Geçtiğimiz gün ana muhalefet partisinin seçim stratejisi ile ilgili çarpıcı değerlendirmeler duydum. CHP'deki fikir jimnastiği, Türkiye sosyolojisini anlamak bakımından dikkate değer. Genel siyasete ilişkin ağır başlıklar yerine yerel gündeme ve ekonomiye odaklanacağı anlaşılan CHP ve etrafındaki ittifakın analiz ettiği konularda benim kanaatim epeyce farklı.
Muhalefetin bazı argümanlarını, genel seçmen davranışı ile birlikte masaya yatırdığımızda bana göre şu sonuçlar çıkıyor:
Tek adamlık söylemi. Bu kavramlaştırma, muhalefetin aksine, seçimlerin kaderini belirleyen kesimlerde "
liderlik" algısı ile tezahür ediyor. Ülkenin karşılaştığı risk ve tehditlere karşı güçlü liderlikle meydan okunabileceği düşünülüyor.
Gençlerin, bilhassa muhafazakâr yeni kuşağın tepkiselliği iddiası. Evet, delikanlılık özü itibariyle sorgulama, hatta karşı çıkma dönemidir. Muhafazakâr demokrat çizginin günümüzdeki temsilcileri, anne ve babalarından farklılar ve öyle de olmalılar. Ama bu noktada olduğu öne sürülen tepkiselliği, ebeveynlerinin geçmişte uğradığı haksızlıkları unutma biçiminde okumamak lazım. Yani, oy verme davranışı, iktidara bir mesaj gönderme niteliğine dönüşmekten ziyade, "
Ben de siyasete katılır, savunduğum dönüşümü başarırım" motivasyonu üretiyor.
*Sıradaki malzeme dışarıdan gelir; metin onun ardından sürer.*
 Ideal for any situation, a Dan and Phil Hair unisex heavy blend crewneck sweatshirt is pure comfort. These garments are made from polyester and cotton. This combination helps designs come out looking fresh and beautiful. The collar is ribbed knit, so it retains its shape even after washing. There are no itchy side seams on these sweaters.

Türkiye Cumhurbaşkanı
Tayyip Erdoğan ise onlar için "
rol model" olmayı sürdürüyor.
Ekonomik türbülansın muhtemel etkileri. Doğru. Enflasyon ve kurdaki artışın aile bütçesinden ticari hayata kadar ek faturası çıktı. Lakin AK Parti'nin 16 yılı boyunca şu ya da bu ölçekte kazanan gelir gruplarının, dış kaynaklı olduğuna inandığı ekonomik saldırılara karşı, dirençli tavır sergileyeceğini öngörmek gerekir. Söylenseler de günün sonunda onlar için "
eldeki bir daldaki ikiden daha iyi."
Yerel seçim, merkezi yönetimde istikrarsızlığa yol açmaz tezi... Seçmenlerin önemli bir bölümünün göz ardı etmediği bir gösterge var: "
Ankara'daki iktidara giden yol, İstanbul'dan geçer!" Büyükşehirlerdeki
olası denge değişiminin, siyasette
ağırlık merkezi değişimine,
zamanla istikrarsızlığa
ve sokak hareketlerine evrilmesi
endişesi seçmen çoğunluğunu,
son kertede duygusal
değil mantıklı seçeneklere
yöneltmekte...
Bütün bunlara rağmen... Her şey güllük gülistanlık olmadığına göre, "
Seçmen yaşadıkları ile siyasi iktidar arasında bir uyarı marjı oluşturmaz mı?" diye sorulacak olursa... Cevabı bence çok net. Seçmenin elinin ayarının kaçmasının Haziran 2015'te yarattığı travma toplumsal hafızalarda taze. Tam da bu nedenle, Erdoğan ve AK Parti'ye, 2019-2023 dönemi için seçimsiz 4 yıllık kredi açılıp, hesaplaşma veya takdirin, ileri tarihe bırakılması şaşırtıcı görülmemeli!